How to complete this task. An exact transcription of the records is required, minus any images.

Data shown.
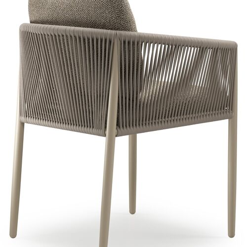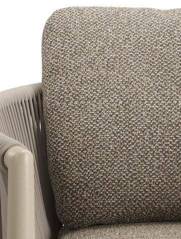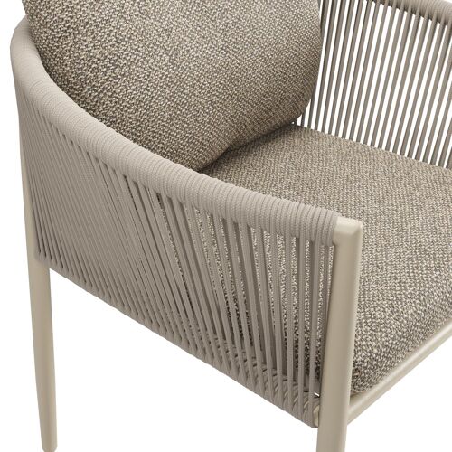Organo tuinstoel in zwart aluminium en beige verticaal geweven luxe vlakke rope met stoelkussen in All Weather Cosytica Madagascar Burch | Exterioo
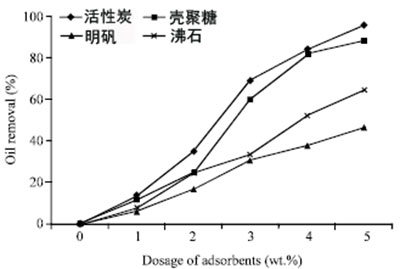 通過改變吸附劑的重量,以100rpm的混合速率,1小時,分析不同吸附劑用量(wt。%)對活性炭與沸石相比對MEA去除殘留油的影響;旌蠒r間,在25-30℃的溫度下接觸時間為1小時。測試在樣品的原始pH下進行,即11.21。在CO 2去除單元系統中根據需要維持pH水平。圖1顯示了使用活性炭和沸石從MEA廢水中去除殘留油的百分比。從圖1中可以看出觀察到,在最高吸附劑用量(5重量%)下,活性炭與其他物質相比顯示出最高的殘油去除率;钚蕴砍晒Τ87%的殘油,沸石為46%?梢缘贸鼋Y論,活性炭最好比其他吸附劑更好地除去殘油。
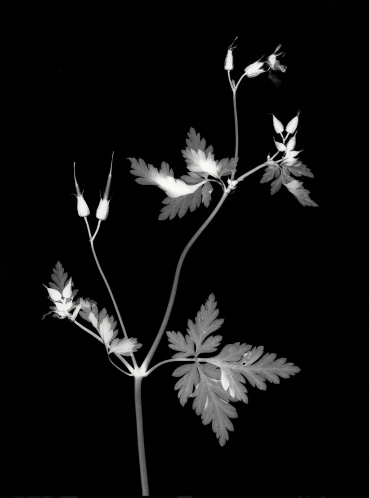 Suburban Herbarium pays homage to the Victorian botanist through the collecting and archiving of plant specimens collected in the suburbs of Truro, Cornwall, England. The uniform 12×16″ photograms are superb examples of the art. With such striking clarity of subject and contrast between dark and light.
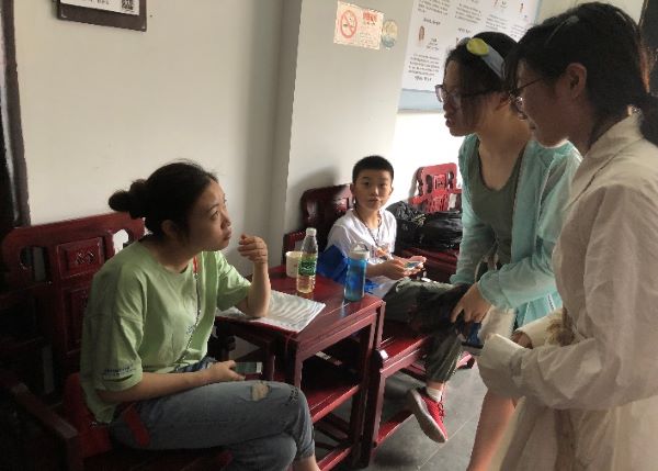 (图为团队成员对前来医馆就诊患者进行采访 燕芙蓉 摄)
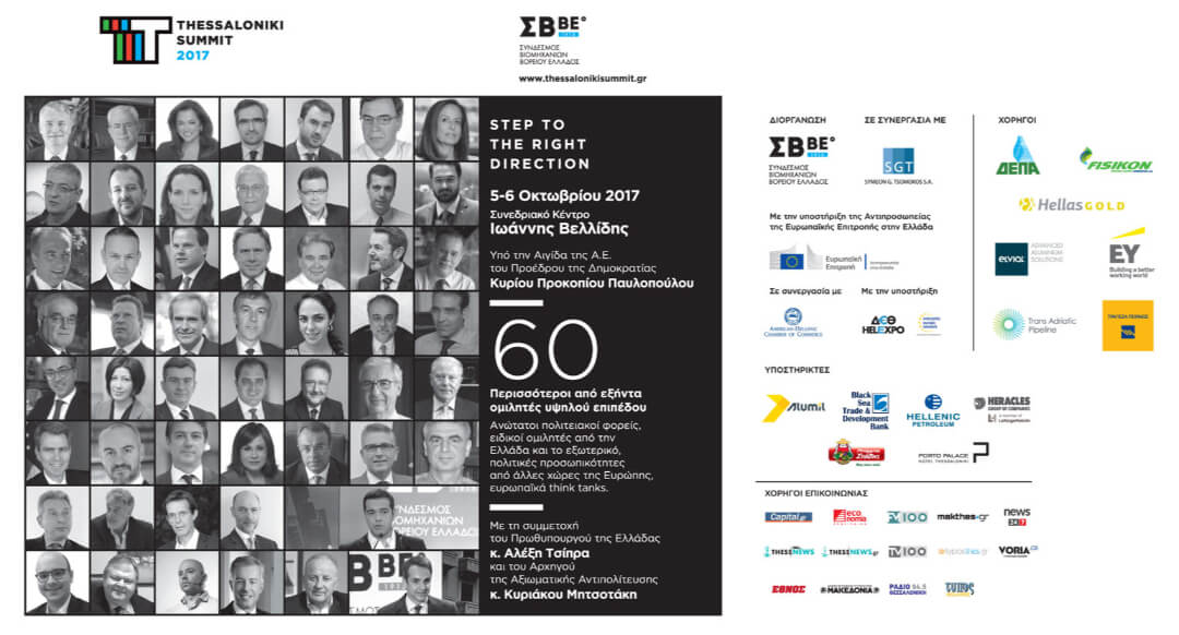 Το 2ο Thessaloniki Summit διοργανώνουν ο Σύνδεσμος Βιομηχανιών Βορείου Ελλάδος (ΣΒΒΕ), σε συνεργασία με την Συμεών Τσομώκος ΑΕ – Delphi Economic Forum. Η διοργάνωση τελεί υπό την αιγίδα του Προέδρου της Ελληνικής Δημοκρατίας, Προκόπη Παυλόπουλου και έχει τη στήριξη της Αντιπροσωπείας της Ευρωπαϊκής Επιτροπής στην Ελλάδα, σε συνεργασία με το Ελληνο-Αμερικανικό Εμπορικό Επιμελητήριο και με την υποστήριξη της ΔΕΘ-HELEXPO και του ‘Enterprise Europe Network Hellas. [ΑΠΕ-ΜΠΕ]

Answer.
Organo tuinstoel in zwart aluminium en beige verticaal geweven luxe vlakke rope met stoelkussen in All Weather Cosytica Madagascar Burch | Exterioo
 通過改變吸附劑的重量,以100rpm的混合速率,1小時,分析不同吸附劑用量(wt。%)對活性炭與沸石相比對MEA去除殘留油的影響;旌蠒r間,在25-30℃的溫度下接觸時間為1小時。測試在樣品的原始pH下進行,即11.21。在CO 2去除單元系統中根據需要維持pH水平。圖1顯示了使用活性炭和沸石從MEA廢水中去除殘留油的百分比。從圖1中可以看出觀察到,在最高吸附劑用量(5重量%)下,活性炭與其他物質相比顯示出最高的殘油去除率;钚蕴砍晒Τ87%的殘油,沸石為46%?梢缘贸鼋Y論,活性炭最好比其他吸附劑更好地除去殘油。
 Suburban Herbarium pays homage to the Victorian botanist through the collecting and archiving of plant specimens collected in the suburbs of Truro, Cornwall, England. The uniform 12×16″ photograms are superb examples of the art. With such striking clarity of subject and contrast between dark and light.
 (图为团队成员对前来医馆就诊患者进行采访 燕芙蓉 摄)
 Το 2ο Thessaloniki Summit διοργανώνουν ο Σύνδεσμος Βιομηχανιών Βορείου Ελλάδος (ΣΒΒΕ), σε συνεργασία με την Συμεών Τσομώκος ΑΕ – Delphi Economic Forum. Η διοργάνωση τελεί υπό την αιγίδα του Προέδρου της Ελληνικής Δημοκρατίας, Προκόπη Παυλόπουλου και έχει τη στήριξη της Αντιπροσωπείας της Ευρωπαϊκής Επιτροπής στην Ελλάδα, σε συνεργασία με το Ελληνο-Αμερικανικό Εμπορικό Επιμελητήριο και με την υποστήριξη της ΔΕΘ-HELEXPO και του ‘Enterprise Europe Network Hellas. [ΑΠΕ-ΜΠΕ]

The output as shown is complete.